I just tried it with my /tmp and I didn't need to change the partition type with fdisk, it reverted to reiserfs when I stopped the md and cleared the superblock.

This is how it should work, right? The data is there alright.

----------

## Veldrin

Looking good. 

yes it should...

V.

----------

## Kwark

Ok, I changed reverted all partitions except for for / (md1) and /boot (md0).

Is it possible to unmount and move the root partition (md1) in single mode?

----------

## Kwark

I'm in the last steps on my migration. Only the new root/boot to go.

Recap:

/dev/md0 = old /boot       (now stopped + removed)
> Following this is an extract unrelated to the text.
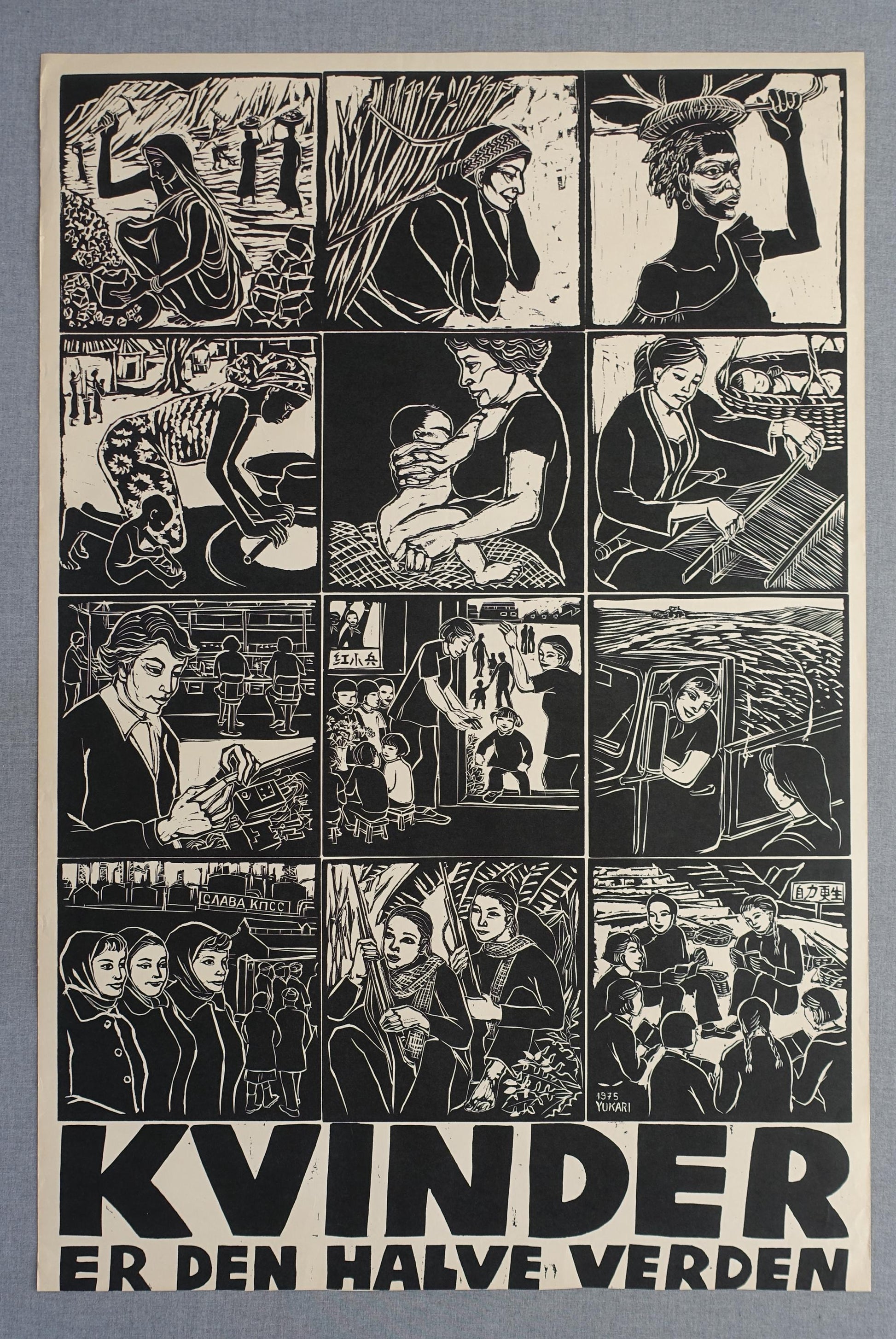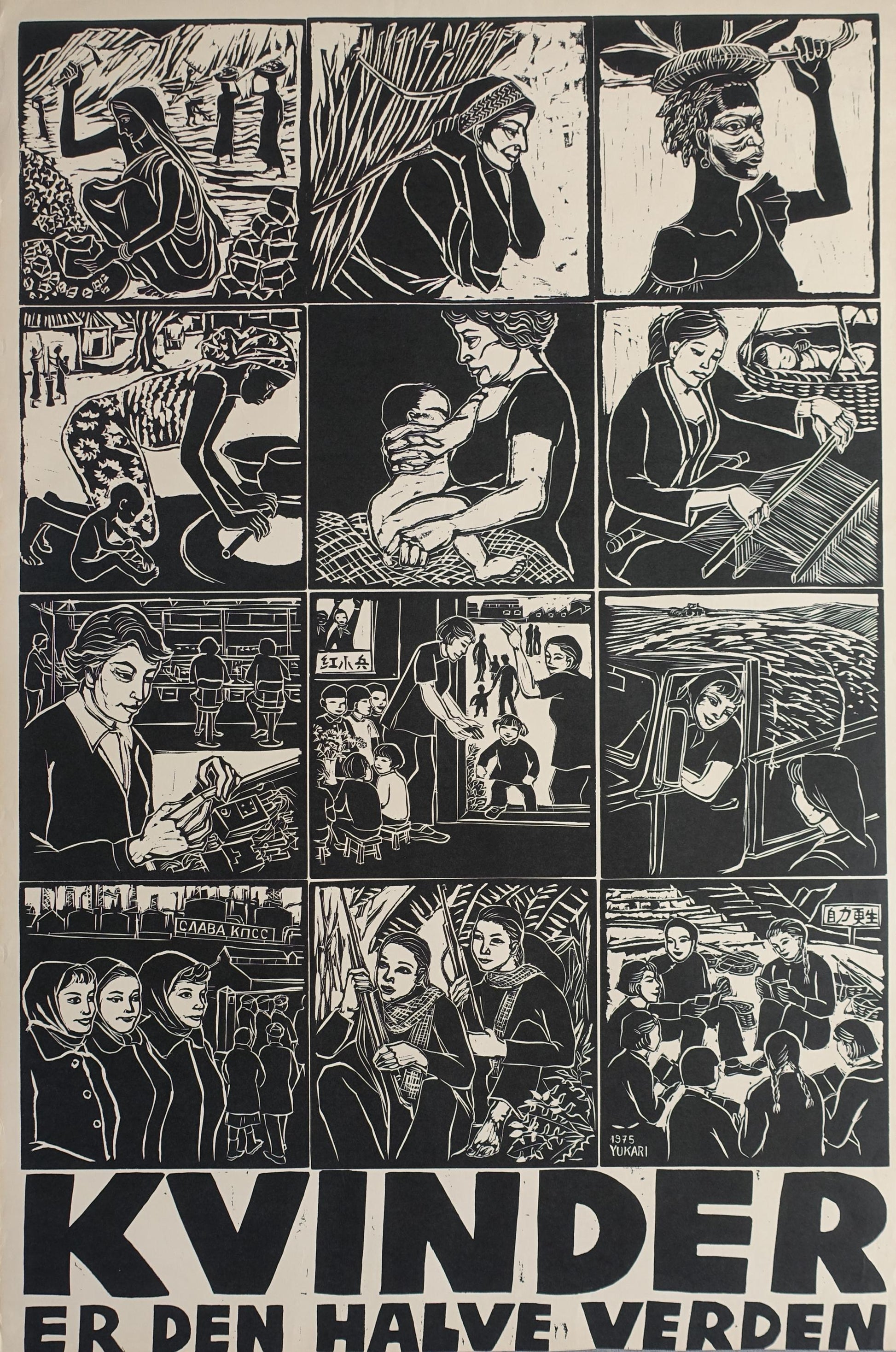 ..so states this interesting woman emancipation poster. The poster elegantly displays many of the important roles in society females all over the world carried out in the mid 1970s.

/dev/md1 = old /              (still mounted at the moment)

/dev/md0 = new / + /boot         (not yet mounted as /)

- The HD with the old partitions will be removed after migration and replaced with another HD.

- The new root partition (including /boot) is /dev/md0.

- All root data is copied there and special dirs like /dev, /sys, /proc etc are made.

- grub has been setup manually in the MBR of the new root raid partition (md0):

  root (hd0,0), setup(hd0)

What would be the correct final steps? Am I missing something?

- Reboot

- Change bios to search boot from the new HD first

- In grub console, change the root= to /dev/md0

  (I know I can do this in a new entry)

/boot/grub/device.map in both the new and old situation both list (hd0)=/dev/sda and (hd1)=/dev/sdb

And both grub.conf 's contain the same root(hd0,0) line in their config, while they should be referring to different HD's.

(sdb is the old, sda is the new)

----------